这个问题是this question的延续
在下面的示例中,我将介绍几个新维度。在汇总和分配所有数量后,我期望总数量相同,但我有一些差异。
请看下面的例子
package playground
import org.apache.log4j.{Level, Logger}
import org.apache.spark.sql.SparkSession
import org.apache.spark.sql.functions.{col, round, sum}
object sample3 {
val spark = SparkSession
.builder()
.appName("Sample app")
.master("local")
.getOrCreate()
val sc = spark.sparkContext
final case class Owner(a: Long,
b: String,
c: Long,
d: Short,
e: String,
f: String,
o_qtty: Double)
// notice column d is not present in Invoice
final case class Invoice(c: Long,
a: Long,
b: String,
e: String,
f: String,
i_qtty: Double)
def main(args: Array[String]): Unit = {
Logger.getLogger("org").setLevel(Level.OFF)
import spark.implicits._
val ownerData = Seq(
Owner(11, "A", 666, 2017, "x", "y", 50),
Owner(11, "A", 222, 2018, "x", "y", 20),
Owner(33, "C", 444, 2018, "x", "y", 20),
Owner(33, "C", 555, 2018, "x", "y", 120),
Owner(22, "B", 555, 2018, "x", "y", 20),
Owner(99, "D", 888, 2018, "x", "y", 100),
Owner(11, "A", 888, 2018, "x", "y", 100),
Owner(11, "A", 666, 2018, "x", "y", 80),
Owner(33, "C", 666, 2018, "x", "y", 80),
Owner(11, "A", 444, 2018, "x", "y", 50),
)
val invoiceData = Seq(
Invoice(444, 33, "C", "x", "y", 10),
Invoice(999, 22, "B", "x", "y", 200),
Invoice(666, 11, "A", "x", "y", 15),
Invoice(555, 22, "B", "x", "y", 200),
Invoice(888, 11, "A", "x", "y", 12),
)
val owners = spark
.createDataset(ownerData)
.as[Owner]
.cache()
val invoices = spark
.createDataset(invoiceData)
.as[Invoice]
.cache()
val p1 = owners
.join(invoices, Seq("a", "c", "e", "f", "b"))
.selectExpr(
"a",
"d",
"b",
"e",
"f",
"c",
"IF(o_qtty-i_qtty < 0,o_qtty,o_qtty - i_qtty) AS qtty",
"IF(o_qtty-i_qtty < 0,0,i_qtty) AS to_distribute"
)
val p2 = owners
.join(invoices, Seq("a", "c", "e", "f", "b"), "left_outer")
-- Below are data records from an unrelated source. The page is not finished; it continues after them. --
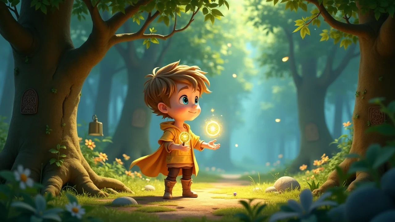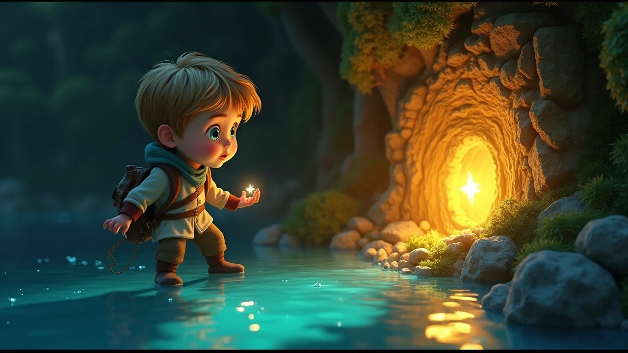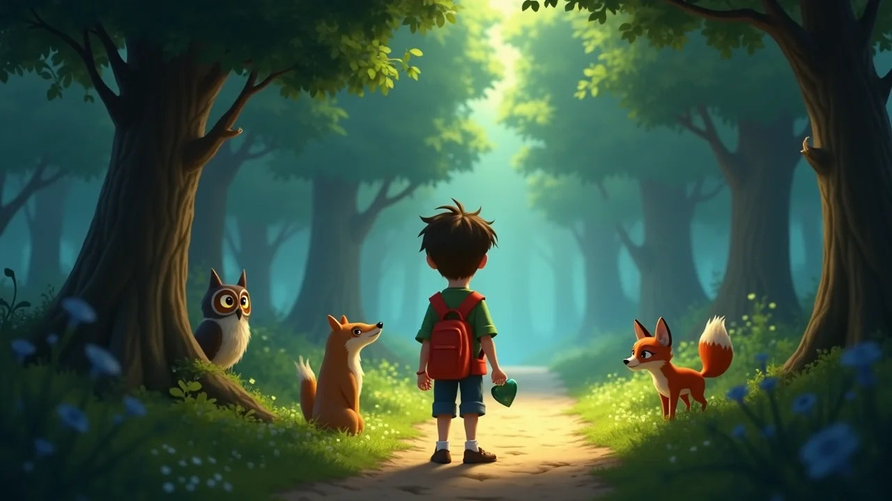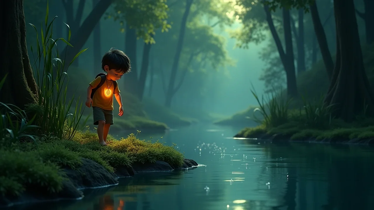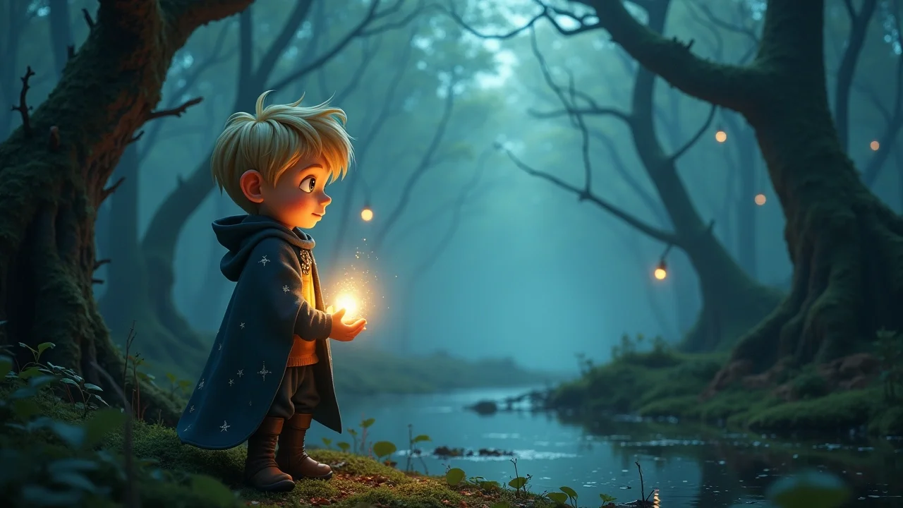 Страх перед темнотой, который обычно подкрадывался к Тимофею с наступлением вечера, вдруг отступил. Любопытство победило! Да и к тому же, камень в его руке нежно пульсировал теплом, а его "фонарик в сердце" лежал в кармашке, придавая уверенности. Он крепко сжал таинственный сияющий камень, взял поглубже вдох и, не раздумывая, шагнул вслед за искрой в темную чащу леса, туда, где обычные люди боялись и шагу ступить после захода солнца.
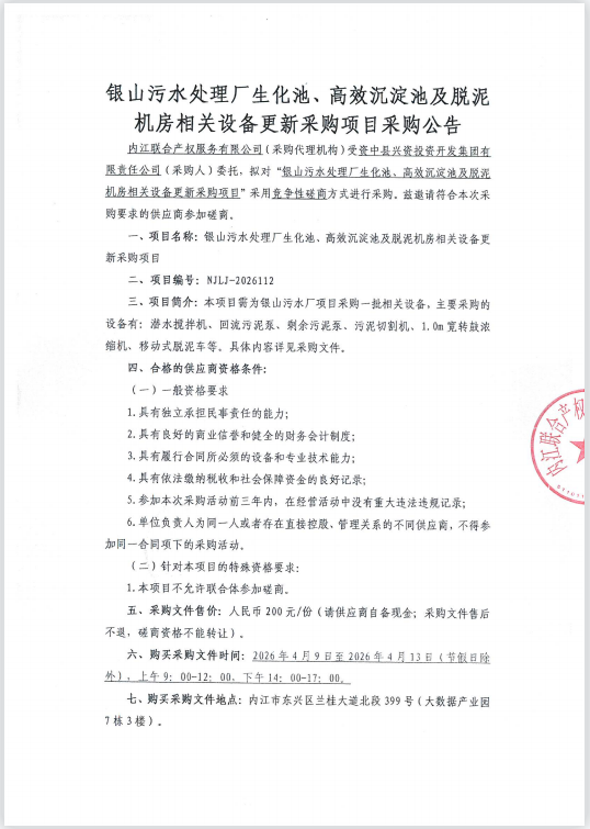 银山污水处理厂生化池、高效沉淀池及脱泥机房相关设备更新采购项目
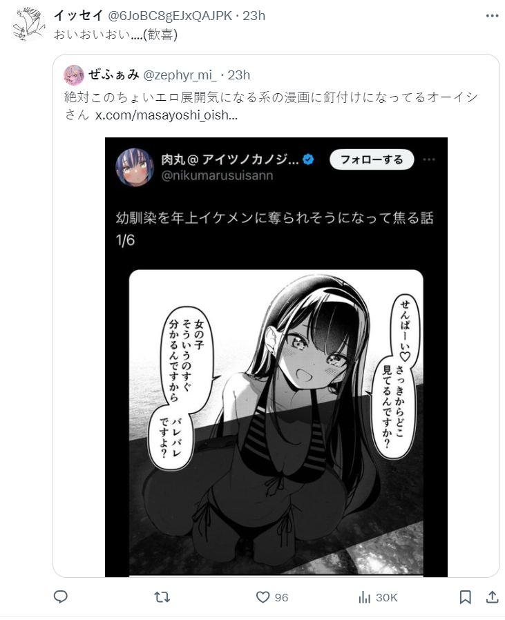 結果眼尖的網友發現,大石昌良手機螢幕的畫面應該是漫畫家肉丸 ( @nikumarusuisann ) 的貼文畫面,還找到剛好吻合的漫畫貼文,似乎是帶有色色意味的作品,網友的眼睛真的是火眼金睛阿...
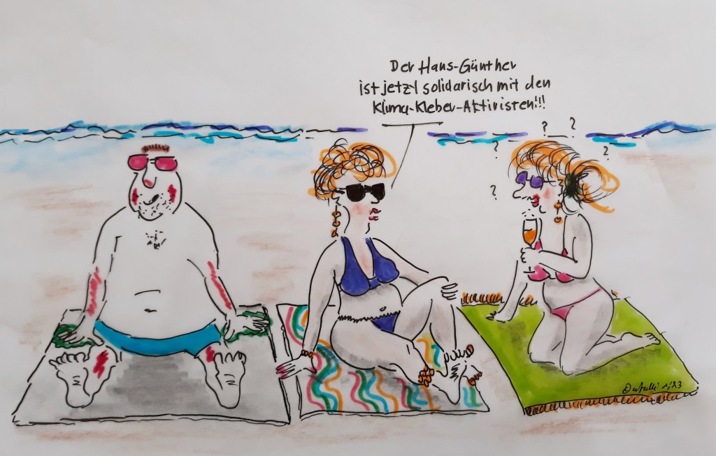 Hans-Günther Sauer hat uns mal wieder mit seiner, ganz eigenen Sicht der Dinge, beehrt. Im vergangenen Pfingsturlaub am Strand von Cuxhaven, hat er deutlich gemacht, was er von den Klima-Aktivisten und ihren Klebe-Aktionen hält.
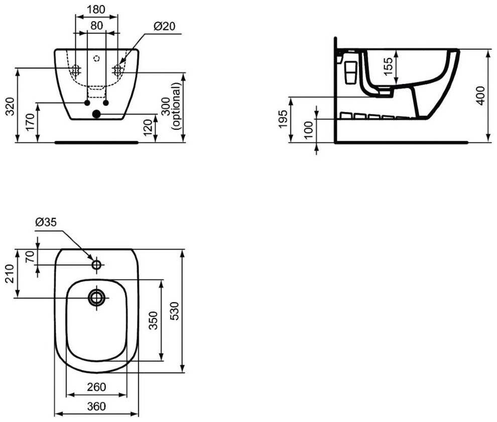 | Дополнительная информация : | TESI Подвесное биде, с отверстием под смеситель, с отверстием перелива, с крепежом TT0299598 (для полностью скрытого монтажа) |
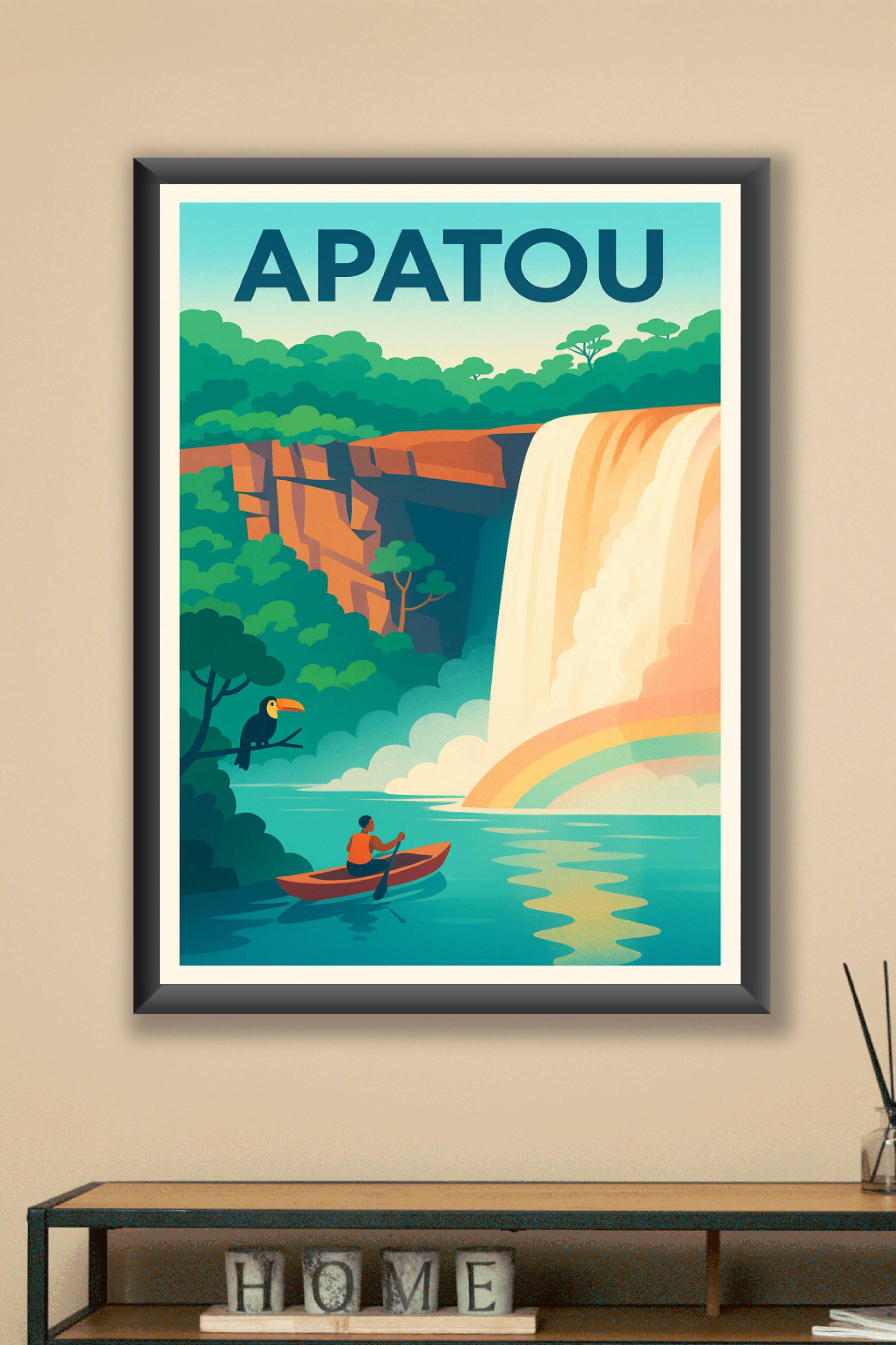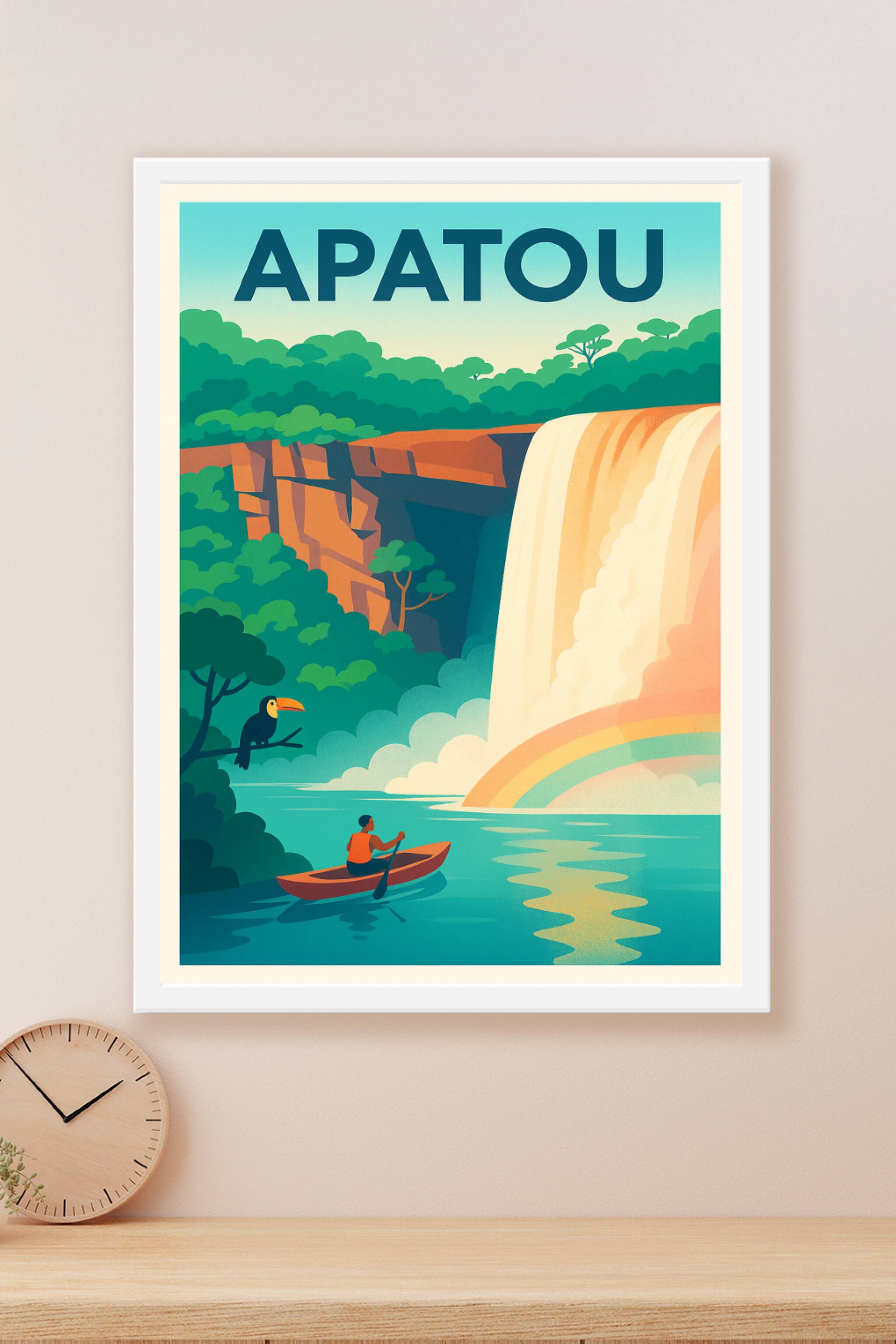 Plongez dans la sérénité d'Apatou avec cette affiche illustrée qui capture la beauté spectaculaire de ses cascades entourées d'une nature luxuriant...

.filter(row => row.anyNull)
.drop(col("i_qtty"))
.withColumnRenamed("o_qtty", "qtty")
val distribute = p1
.groupBy("a", "d", "b", "e", "f")
.agg(sum(col("to_distribute")).as("to_distribute"))
val proportion = p2
.groupBy("a", "d", "b", "e", "f")
.agg(sum(col("qtty")).as("proportion"))
val result = p2
.join(distribute, Seq("a", "d", "b", "e", "f"))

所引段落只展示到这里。